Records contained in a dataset
+--
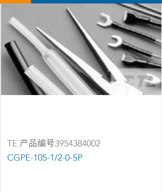
TE 产品编号3954384002 CGPE-105-1/2-0-SP
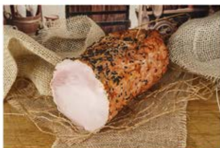
SCHAB NA MAŚLE Z CZARNUSZKĄ
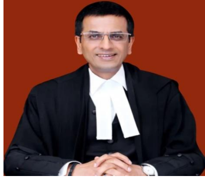
माननीय न्यायमूर्ती (डॉ.) धनंजय यशवंत चंद्रचूड भारताच्या सर्वोच्च न्यायालयाचे मुख्य न्यायाधीश आणि महाराष्ट्र राष्ट्रीय विधी विद्यापीठ मुंबई, चे कुलपती
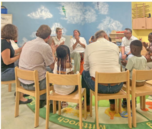
Besuch in der KITA in Kitzingen

Auf dem Programm stand unter anderem der Besuch im Marie-Juchacz-Haus der AWO im Würzburger Stadtteil Zellerau. „Das moderne Haus ist ein Leuchtturmprojekt in der Altenpflege“, urteilte Sonnenholzner hinterher. Äußerst angetan zeigte sie sich auch vom Mittagessen in der jüngst eröffneten Tagespflege in Kitzingen.
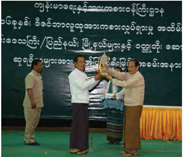
ကျန်းမာရေးနှင့် အားကစားဝန်ကြီးဌာန အမြဲတမ်းအတွင်းဝန် ပါမောက္ခ ဒေါက်တာ သက်ခိုင်ဝင်းက ဒီဇင်ဘာလူထုအားကစား လှုပ်ရှားမှုများတွင် အတတ်ကြွဆုံးပါဝင် လှုပ်ရှားခဲ့သည့် တိုင်းဒေသကြီးနှင့် ပြည်နယ် များမှ မွန်ပြည်နယ်၊ စစ်ကိုင်းတိုင်းဒေသကြီး၊ မကွေးတိုင်းဒေသကြီးတို့အားလည်းကောင်း ဆုများပေးအပ်ချီးမြှင့်ခဲ့ပြီး တတိယဆုရရှိ သော ပဲခူးတိုင်းဒေသကြီး၊ ဒုတိယဆုရရှိသော ရှမ်းပြည်နယ်၊ ပထမဆုရရှိသော မန္တလေး တိုင်းဒေသကြီးနှင့် ၂၀၁၆ ခုနှစ်အတွင်း အားကစားပြိုင်ပွဲတိုင်းတွင် အောင်မြင်မှု အမြင့်မားဆုံးဆုရရှိသော ရန်ကုန်တိုင်း ဒေသကြီးတို့အား ပြည်ထောင်စုဝန်ကြီး ဆွေလီမြင့် (ပြေးခုန်ပစ်)၊ သင့်မြတ် (ရေကူး)၊ ဒေါက်တာ မြင့်ထွေးက ဆုဖလားနှင့် ငွေသား ဆုများ ပေးအပ်ချီးမြှင့်ခဲ့သည်။

ရှမ်းပြည်နယ် လူမှုရေးဝန်ကြီး ဒေါက်တာ မျိုးထွန်း၊ မွန်ပြည်နယ် ကရင်တိုင်းရင်းသား လူမျိုးရေးရာဝန်ကြီး ဦးအောင်မြင်ခိုင်၊ ကရင် ပြည်နယ် ဗမာတိုင်းရင်းသား လူမျိုးရေးရာ ဝန်ကြီး ဦးတေထွန်းလှိုင်ထွေးနှင့် ရန်ကုန်တိုင်း ဒေသကြီး လူမှုရေးဝန်ကြီး ဦးနိုင်လင်းတို့က ဆုရရှိသူများအား ဆုများအသီးသီး ပေးအပ် ချီးမြှင့်ခဲ့သည်။
+--
▸ Work to complete
Working through the records above, copy each line in which "Kitzingen" is found.

▸ Result of the task
Besuch in der KITA in Kitzingen
Auf dem Programm stand unter anderem der Besuch im Marie-Juchacz-Haus der AWO im Würzburger Stadtteil Zellerau. „Das moderne Haus ist ein Leuchtturmprojekt in der Altenpflege“, urteilte Sonnenholzner hinterher. Äußerst angetan zeigte sie sich auch vom Mittagessen in der jüngst eröffneten Tagespflege in Kitzingen.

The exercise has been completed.